Luckily for me, I had a backup. For over a week, I had been playing with the brand-new Nexus S, Google’s latest flagship Android device, running the stock version of the Android mobile operating system code-named Gingerbread. But I hadn’t switched over to make it my primary device. Now I had no choice.

We’ve been a dual iPhone/Android household for some time now, because my husband bought the Galaxy S (AT&T Captivate) shortly after it launched and I had the iPhone 4, after an upgrade from the 3G. I’ve had plenty of time to go hands-on with Android, delving into both the OS and the flourishing application ecosystem. I’ve installed, configured and tested many apps on the Galaxy S, and for a while, I was even jealous that he had the newer phone. Android felt more modern, more functional and more “tweakable” than the iPhone. The screen was bright, it had widgets, live wallpaper, built-in navigation, voice-activated everything and a notification system I still long for. It seemed like a step up.

But now I wondered: can Android be my permanent device?

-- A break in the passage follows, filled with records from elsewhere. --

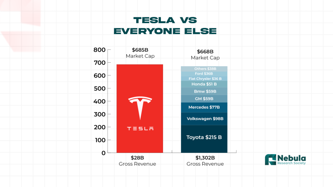 Through its bold innovating methods Tesla became a market leader by transforming the automotive world. The automotive world now operates differently because Elon Musk created a new electric vehicles reality despite industry experts doubting his plan. The growing market value of Tesla has outpaced other automakers like Ford and General Motors because investors support its unique market approach. After starting as a niche product the Tesla Model S rose up to create greater sales numbers than established luxury car companies in key markets. Tesla's market dominance results from its persistent effort to create advanced battery technology.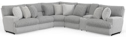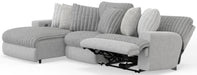 Abraxas is a Modular Reclining Sectional with a contemporary track arm design. A luxurious faux fur fabric and a variety of correlating toss pillows provide added style and seating comfort.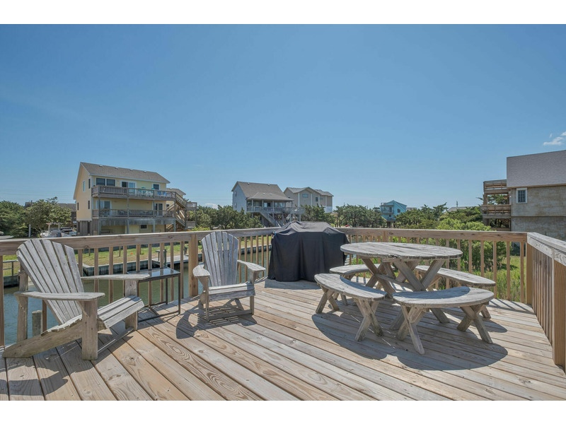 Sound Views, Screened Porch, Sun Deck, Covered Deck, Gas Grill, Picnic Table, Canal Dock, TV, WiFi Internet Access, Dishwasher, Microwave, Washer & Dryer.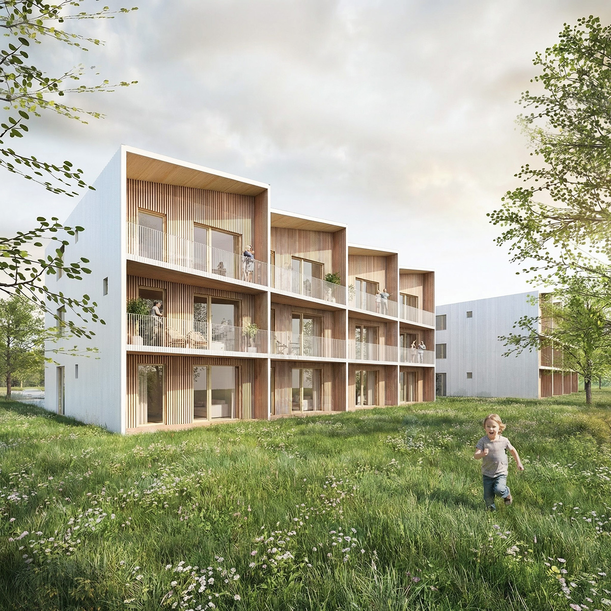 Objekty jsou navržené jako třípodlažní, na každém patře jsou čtyři apartmány. V každém objektu je tedy 12 apartmánů ve velikosti od 33 do 52m2. Apartmánový dům je navržený jako dřevostavba kombinovaná z CLT panelů a rámové konstrukce. Stropy jsou navrženy z CLT panelů s přiznanou spodní pohledovou stranou. Mezibytové stěny předpokládáme z akusticky dostatečně odolných systémů bez pohledového požadavku. Příčky v rámci jednotlivých apartmánů jsou navrženy z CLT panelů a mají pohledovost naznačenou v půdorysech.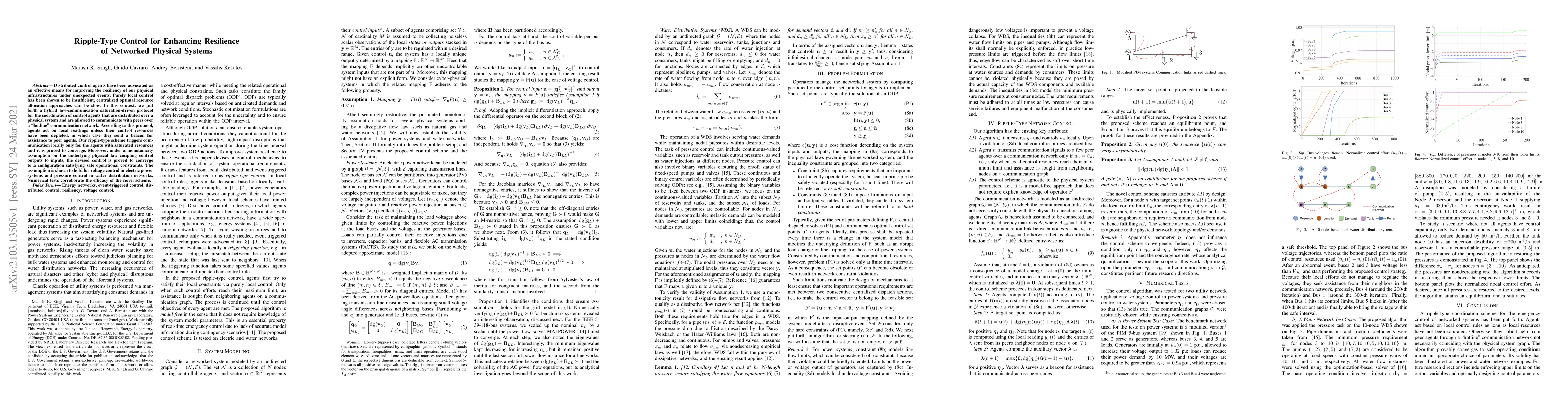 Distributed control agents have been advocated as an effective means for improving the resiliency of our physical infrastructures under unexpected events. Purely local control has been shown to be insufficient, centralized optimal resource allocation approaches can be slow. In this context, we put forth a hybrid low-communication saturation-driven protocol for the coordination of control agents that are distributed over a physical system and are allowed to communicate with peers over a "hotline" communication network. According to this protocol, agents act on local readings unless their control resources have been depleted, in which case they send a beacon for assistance to peer agents. Our ripple-type scheme triggers communication locally only for the agents with saturated resources and it is proved to converge. Moreover, under a monotonicity assumption on the underlying physical law coupling control outputs to inputs, the devised control is proved to converge to a configuration satisfying safe operational constraints. The assumption is shown to hold for voltage control in electric power systems and pressure control in water distribution networks. Numerical tests corroborate the efficacy of the novel scheme.
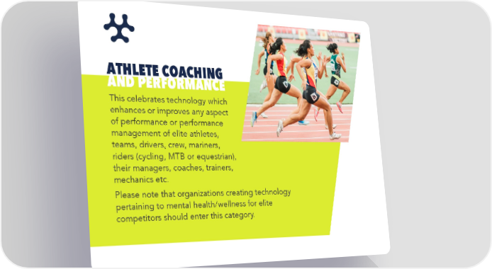 ATHLETE COACHING AND PERFORMANCE This celebrates technology which enhances or improves any aspect of performance or performance management of elite athletes, teams, drivers, crew, mariners, riders (cycling, MTB or equestrian), their managers, coaches, trainers, mechanics etc. Please note that organizations creating technology pertaining to mental health/wellness for elite competitors should enter this category.

Before getting started, understand that this isn’t meant to be a comprehensive review. I don’t review gadgets, nor does ReadWriteWeb. We know there are plenty of other places where you can get detailed specs, analysis, and descriptions of everything about this phone, from hardware to software. This is not that. Not by a long shot.

Getting Set Up

Initially, once I got over the shock of the iPhone’s unfortunate death, I was excited to try the Nexus S. I installed widgets and apps and set up the phone to work with my Google Voice account. That alone was a major plus. On Android, you don’t have to launch a separate app to make a Google Voice call – it’s integrated with your phone. You can make outgoing calls via Google voice, send and receive text messages through Google Voice, even access visual voicemail messages with the app – and they’re transcribed.

Or, if you prefer, you can use Skype Out to make calls, too. Again, just by pressing the phone button.

These are great features.

Talking to Your Phone

Something as simple as texting a friend or performing a Google search can be done via voice. With the Nexus S, you can really talk to your phone. Voice access is everywhere – on homescreen widgets, a “voice” button on the new Android Gingerbread keyboard, or you can just press and hold the Search button. Voice Actions, a new pre-installed feature on the Nexus S lets you give the phone commands. You can send texts, start phone calls, ask for directions, launch Navigation, see a map, launch the browser, configure an alarm, play your favorite music and more.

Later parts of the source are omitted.